There is a huge deficiency of information about menstrual health of women and girls, and often more than those who live in urban areas, adolescent girls living with disabilities or in rural communities bear more significant brunt of this information gap, as they are often neglected and vulnerable.
Another action is the lack of safe spaces for women and girls who menstruate. Several schools lack basic clean spaces, water and are not committed to making essential sanitary items available for adolescent girls who menstruate. During this period, some girls are left with no choice but to stay at home because they cannot afford sanitary materials.
Civil Societies and some private organisations continue to create more awareness about menstrual hygiene and make moves to give more women, and adolescent girls access to basic menstrual hygiene items, but this is hardly enough.
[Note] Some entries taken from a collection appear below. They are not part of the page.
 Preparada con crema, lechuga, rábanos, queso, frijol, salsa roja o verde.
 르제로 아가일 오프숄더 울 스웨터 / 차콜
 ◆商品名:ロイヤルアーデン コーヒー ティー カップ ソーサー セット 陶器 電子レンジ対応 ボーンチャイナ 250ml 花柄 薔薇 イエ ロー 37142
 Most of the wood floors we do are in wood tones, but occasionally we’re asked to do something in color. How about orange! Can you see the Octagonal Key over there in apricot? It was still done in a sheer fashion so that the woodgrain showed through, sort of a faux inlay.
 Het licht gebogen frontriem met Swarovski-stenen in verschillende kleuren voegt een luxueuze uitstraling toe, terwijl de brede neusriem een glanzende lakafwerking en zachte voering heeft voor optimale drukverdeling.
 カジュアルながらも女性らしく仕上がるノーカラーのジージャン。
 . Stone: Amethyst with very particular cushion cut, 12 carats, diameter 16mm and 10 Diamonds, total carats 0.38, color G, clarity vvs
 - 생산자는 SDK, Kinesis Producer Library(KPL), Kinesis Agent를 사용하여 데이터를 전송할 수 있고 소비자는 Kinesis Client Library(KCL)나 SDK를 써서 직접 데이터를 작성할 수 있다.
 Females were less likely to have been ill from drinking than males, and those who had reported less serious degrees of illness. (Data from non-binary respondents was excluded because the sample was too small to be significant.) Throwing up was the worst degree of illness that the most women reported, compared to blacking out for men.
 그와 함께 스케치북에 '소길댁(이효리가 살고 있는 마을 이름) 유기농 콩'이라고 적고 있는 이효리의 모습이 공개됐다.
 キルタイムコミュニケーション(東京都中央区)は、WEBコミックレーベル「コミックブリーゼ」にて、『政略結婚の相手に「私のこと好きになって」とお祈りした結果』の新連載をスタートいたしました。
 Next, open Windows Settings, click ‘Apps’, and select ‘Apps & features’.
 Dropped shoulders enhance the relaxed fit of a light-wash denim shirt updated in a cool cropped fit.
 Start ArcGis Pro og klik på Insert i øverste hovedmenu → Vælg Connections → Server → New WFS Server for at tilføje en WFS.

This year’s theme, “Action and Investment towards Menstrual Hygiene,” is a solid call to the government to take the concerns of women on Menstrual Hygiene as the concerns of the nation.
We call on government at all tiers to lend their voices to this charge, listen to women and girls, formulate and implement policies that create easy and affordable access to basic menstrual hygiene items for women and adolescent girls.
We equally call on communities, private organisations and brands to not just follow the yearly conversations around Menstrual Hygiene but also do well by contributing to initiatives of civil society organisations to make a better and more significant impact in this regard.
Safe menstrual hygiene contributes to the health and well-being of adolescent girls, women and, in extension, to the strength and overall health of our society. We can cover more substantial strides if we all come together and contribute to the conversation.